RTX Corporation (NYSE:RTX) Given Consensus Recommendation of “Moderate Buy” by Analysts

Shares of RTX Corporation (NYSE:RTXGet Free Report) have received a consensus recommendation of “Moderate Buy” from the twenty-one research firms that are presently covering the company, Marketbeat.com reports. One investment analyst has rated the stock with a sell recommendation, five have issued a hold recommendation, fourteen have issued a buy recommendation and one has given a strong buy recommendation to the company. The average 1-year target price among analysts that have issued ratings on the stock in the last year is $199.50.
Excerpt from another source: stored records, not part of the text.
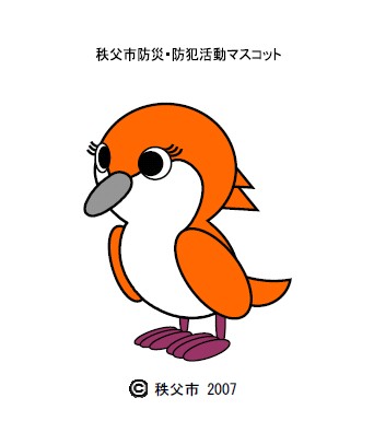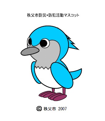 「秩父市防災・防犯活動マスコット」は、秩父市の鳥である「オオルリ」をモチーフにし、親しみ易いデザインとしてあります。
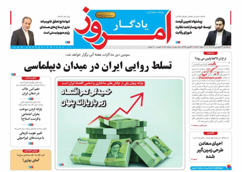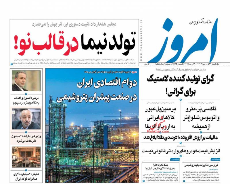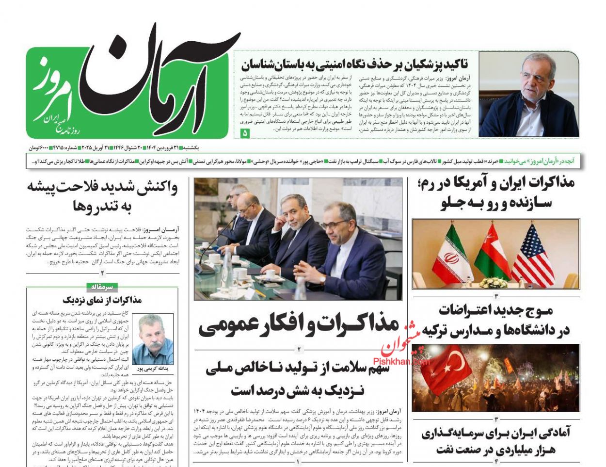 آرمان امروز ، یکشنبه ۳۱ فروردين
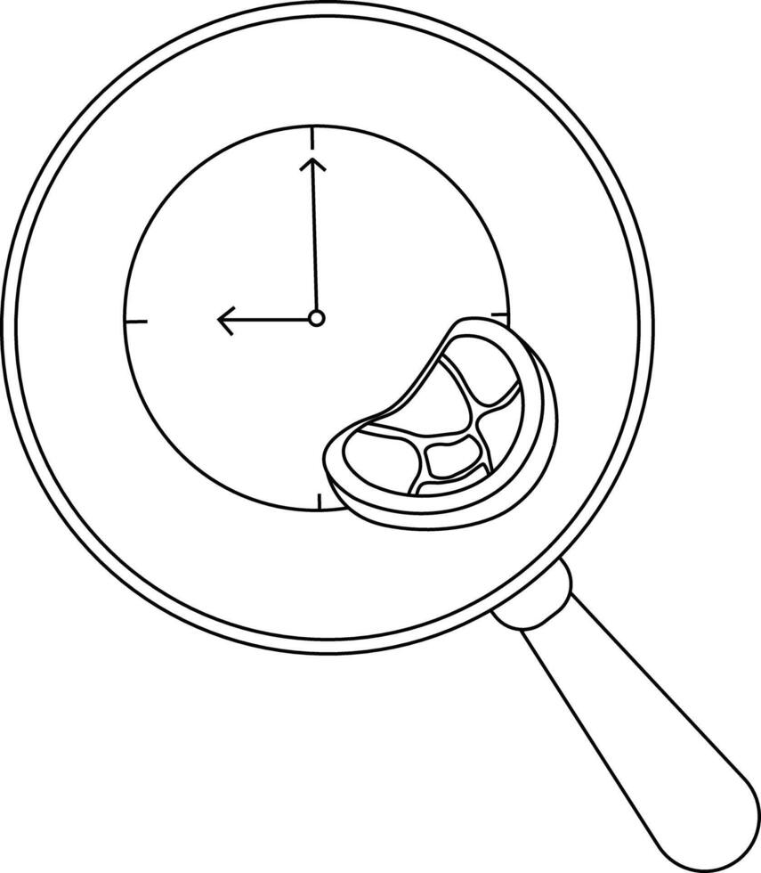 A magnifying glass enlarges a clock face and a lemon slice overlapping the clock Pro Vector
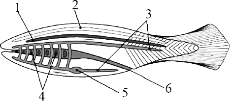 Внутренний скелет. Скелет представлен хордой (цифра 1), которая имеет вид эластичного тяжа.
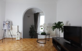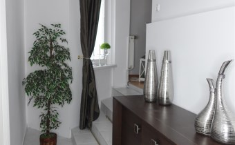 Wnętrze o bardzo interesującym, dwupoziomowym układzie, który nadaje unikalną architekturę. Schody wychodzące z łukowych przejść nadają wnętrzu wyjątkowego uroku. Prowadzą one do niżej usytuowanego przedpokoju, tworząc niepowtarzalny efekt klasycznej elegancji.

Several equities research analysts have recently weighed in on RTX shares. DZ Bank lowered RTX from a “hold” rating to a “strong sell” rating in a research note on Friday, February 6th. Susquehanna reiterated a “positive” rating and issued a $230.00 price target on shares of RTX in a research report on Thursday, January 15th. Weiss Ratings restated a “buy (b-)” rating on shares of RTX in a report on Monday, December 29th. Bank of America raised their target price on shares of RTX from $175.00 to $215.00 and gave the stock a “buy” rating in a report on Monday, October 27th. Finally, Wolfe Research reissued an “outperform” rating on shares of RTX in a research report on Wednesday, February 4th.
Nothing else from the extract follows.